The Chinese coffee startup recently announced its plan to raise up to US$510 million in their US IPO.
Should Luckin Coffee acquire the funds it needs in its IPO, it will need to rethink its “high expenditure” on advertising and marketing which may be unsustainable, according to Fitch Solutions.
The market insights company noted that sales and marketing for the Chinese coffee startup makes up the bulk of its operating expenses, accounting for 45% and 31% of total operating expenses in the period of inception to December 2017 and FY18 (ending December 2018) respectively.
“The heavy discounts and promotions do well to initially attract customers but the model does little to help Luckin Coffee maintain its consumer base. Indeed, the number of new transacting customers fell from 6.5m in Q418 (ending December 2018) to 4.3m in Q119 (ending March 2019),” Fitch Solutions explained.

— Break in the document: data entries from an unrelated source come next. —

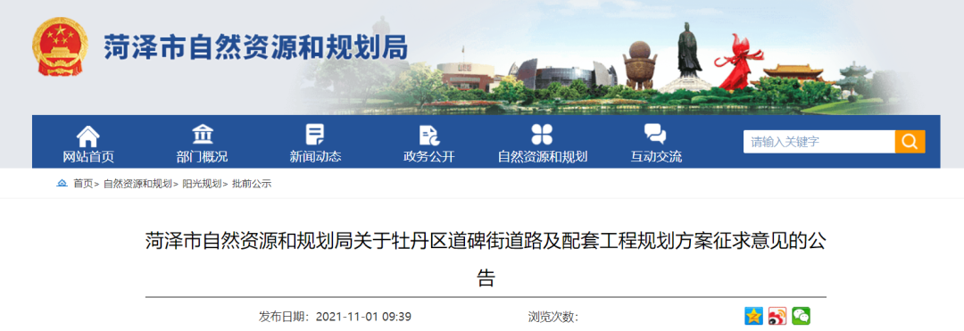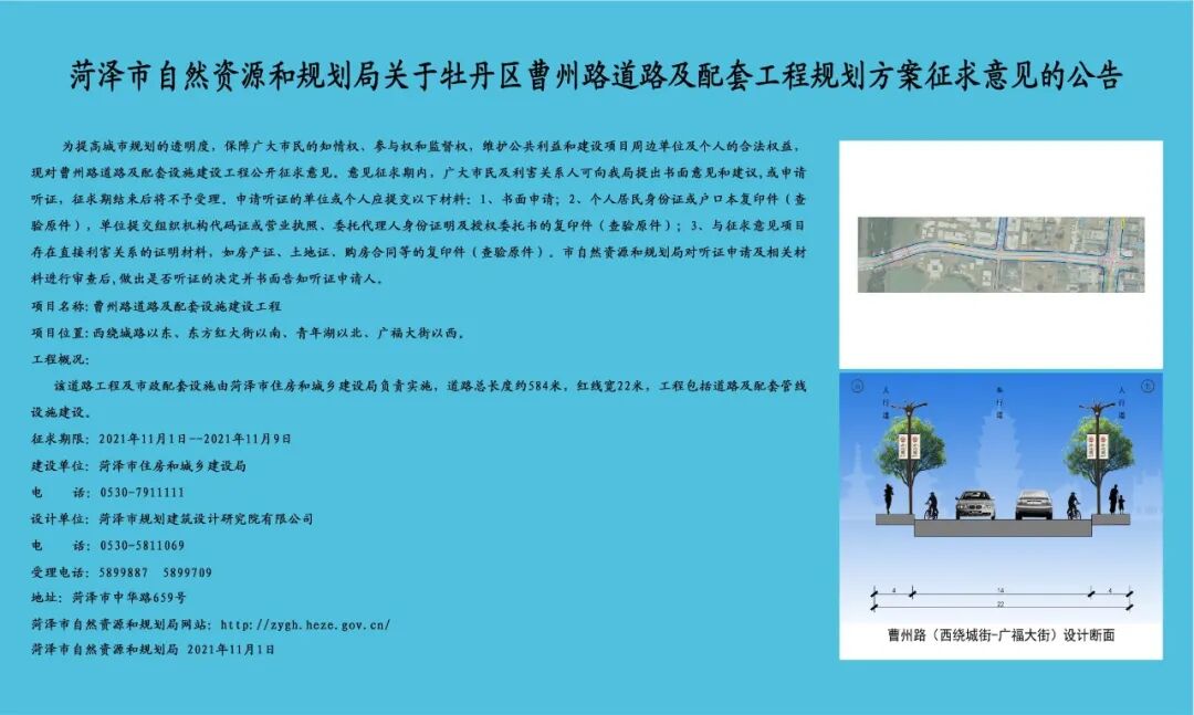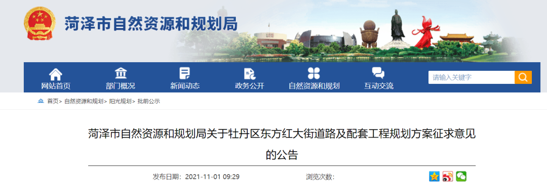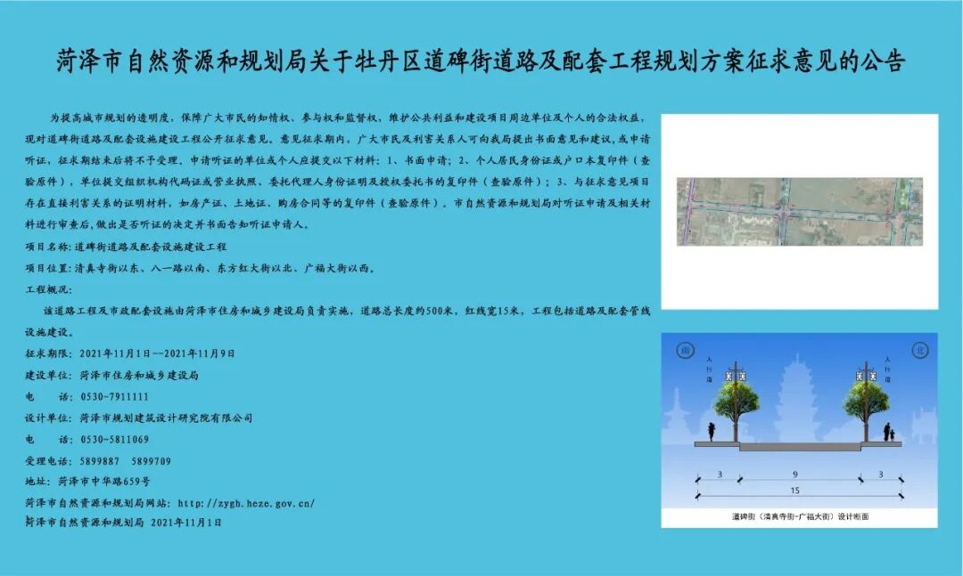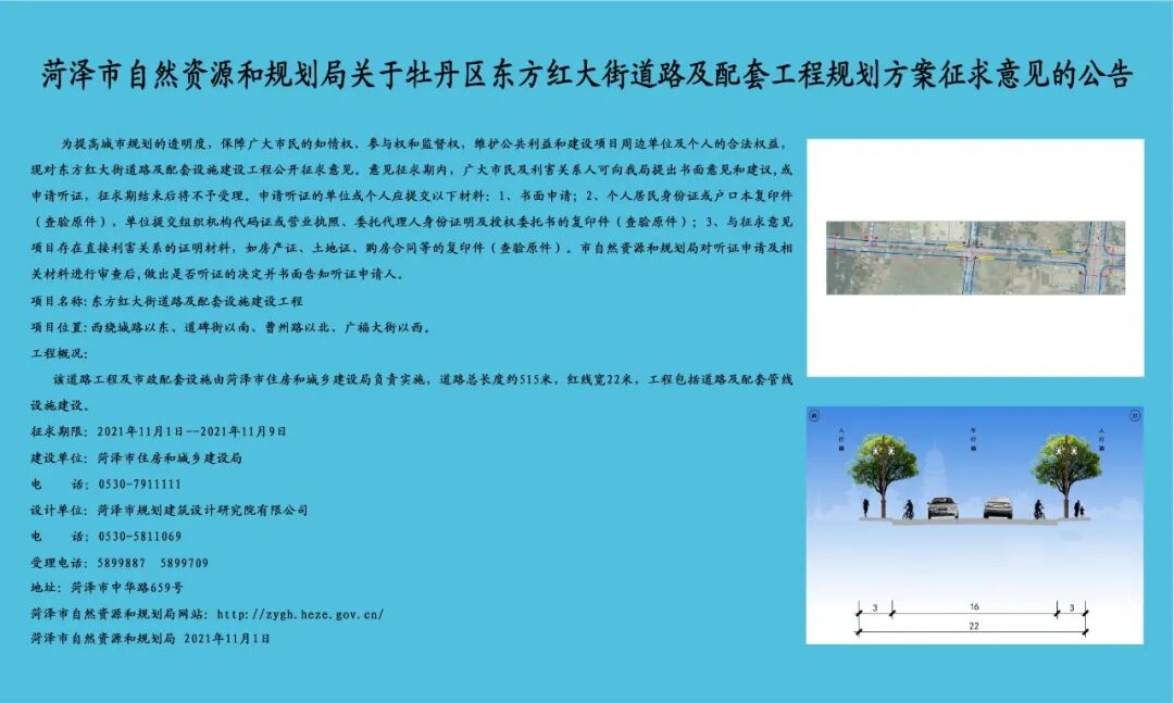 日前,菏泽市自然资源和规划局网站发布了《关于牡丹区东方红大街道路及配套工程规划方案征求意见的公告》《关于牡丹区曹州路道路及配套工程规划方案征求意见的公告》《关于牡丹区道碑街道路及配套工程规划方案征求意见的公告》。具体内容如下: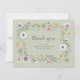 Estes bronzeados cartões de agradecimento apresentam um quadro ilustrado, colorido rosa, laranja, roxo e branco, flores silvestres e folhas verdes em um fundo verde macio. Um design simples que é simultaneamente boho e elegante.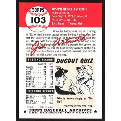 This is a 1991 Topps Archives 1953 Joe Astroth baseball card. The card is #103 and pictures show condition.
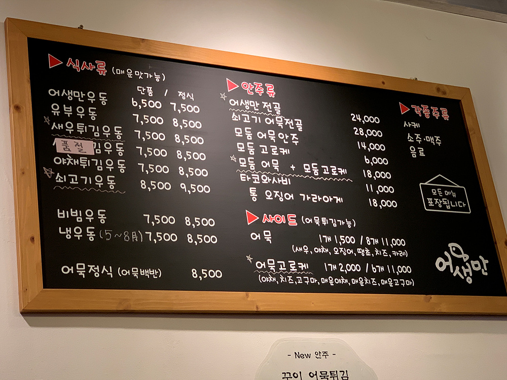 선정릉역 맛집인 어생만은 단품 식사가 6,500 ~ 7,500원 선이며 혼자 식사하기도 좋은 곳이기 때문에 이 근처 직장인들이 많이 찾는 곳이다. 특히나 이 곳의 안주류 또한 가격이 괜찮은 편으로 비오는 날 오뎅이 땡기는 날에는 줄 서서 먹어야할 정도로 숨겨진 맛집 중 하나이며 모든 메뉴는 포장이 가능하기 때문에 이 근처 살면 포장도 좋은 방법이다.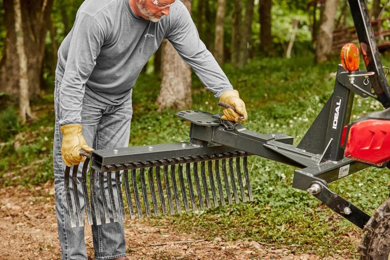 A versatile and easy to use rake, the Ideal Farm Equipment Landscape Rake makes raking, smoothing and contouring gravel or soil easy. The curved C-Tines are shallow enough to protect your field, but can be angled to move items such as rocks easily. Order an optional wheel kit (LRWKID) to set your depth and improve maneuverability.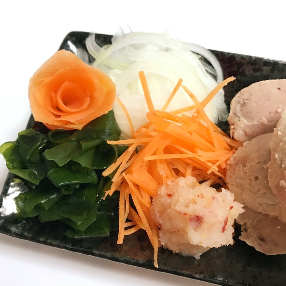 小葱がなかったのでスライスオニオン、わかめ、人参を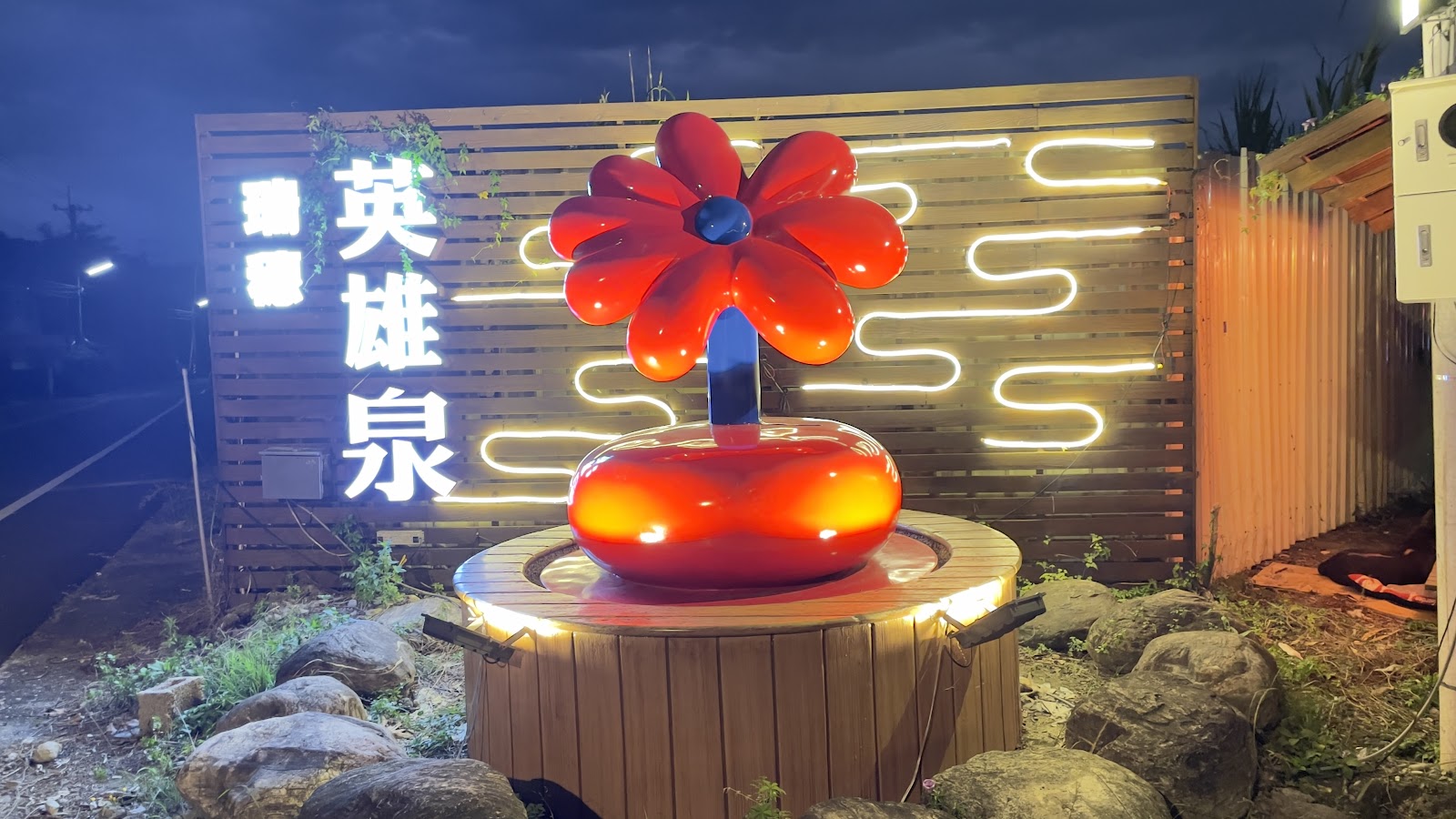 小小的公園因為溫泉季的燈飾而有了值得一去的理由,晚上來這邊欣賞一下還是很不錯的。其中巨大的花朵造型燈為互動感應裝置,個人覺得頗有巧思。

Viewed as Starbucks’s main rival in China, Luckin Coffee is reportedly seeking to raise US$510 million in its US initial public offering (IPO) led by Credit Suisse Group, Morgan Stanley, CICC and Haitong International. The coffee chain also revealed that it expects to offer 34.5mn shares in its IPO at a price range of US$15-US$17.
Luckin Coffee's selling point is its affordability, brought about by discount offers, and convenience resulting from its strategic pick-up locations in China.
Despite Chinese consumers historically favouring tea to coffee, Fitch Solutions forecast coffee sales per capita to expand by 70% between 2019 and 2023, reaching US$11.1 in 2023 up from USD6.5 in 2019.
“Due to growing affluence and demand among young adult consumers (20-39 years) who are adopting more western consumption habits, the popularity of coffee is growing rapidly,” Fitch said.